A constantly changing political and economic market has made bridging finance a more attractive option when the need to complete a deal is urgent. It’s interesting to note that despite the high street banks tightening the criteria for bridging loans, the market has grown.
This is mostly due to the increase in popularity of unregulated lenders. Are there risks? Of course there are, but a reputable broker won’t put a new client at any foreseeable risk, and these lenders keep the market buoyant.
Bridging Finance – A Need for Broker Understanding
Recent research undertaken by Hope Capital revealed that as many as 20% of brokers didn’t quite understand the bridging process. This research also revealed that over half of the brokers felt that more flexibility was needed on LTVs.
Just under half also expressed the need for lenders to increase the speed of service. Combined with a reduction in rates, they felt it would improve market accessibility.

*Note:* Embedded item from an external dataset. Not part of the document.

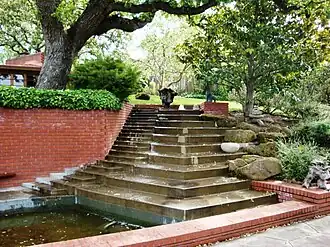 The house is one-story high with a central clerestory[9] (an outside wall of a room or building that rises above an adjoining roof and contains windows) and is constructed of native redwood board[7] and batten, common wire-cut San Jose brick,[5] concrete and plate glass. The house clings to, and completes the hillside on which it was built as the floor and courtyard levels conform to the slope of this one and one-half acre site. The entire site includes the main house, a guesthouse, hobby shop, storage building, double carport, breezeway, and garden house with pools and water cascade.

The research also revealed common issues that continue to dog the application process for bridging finance. By far the most significant complaint was delays caused by solicitors. Additionally, collating client information and lender approval came a close second.
Jonathan Sealey, CEO at Hope Capital, said, “Like any area of lending, there are areas that brokers would like to see improved. We are keen to address these by always offering the fastest turnaround times”.
Bridging finance increased by 10% during 2017. A clear indication that brokers are turning to bridging lenders to cover gaps that the high street market cannot fill.
It has also become clear that because every client is different, brokers are looking for solutions specific to their client’s needs. Calling for lower rates has been a feature since lending for property finance began. This won’t change, and it is the state of the market that will ultimately dictate how low a lender will go.
Growth in the bridging market is providing more opportunity for unregulated lenders and a good broker will know which ones to turn to. Signals indicate that the market will continue to grow year on year as the regulated industry clamps down on lending criteria.
This does not need to hurt property finance. It is quite possible that emerging unregulated bridging lenders will discover a niche that enables the property market to prosper. Especially for property developers.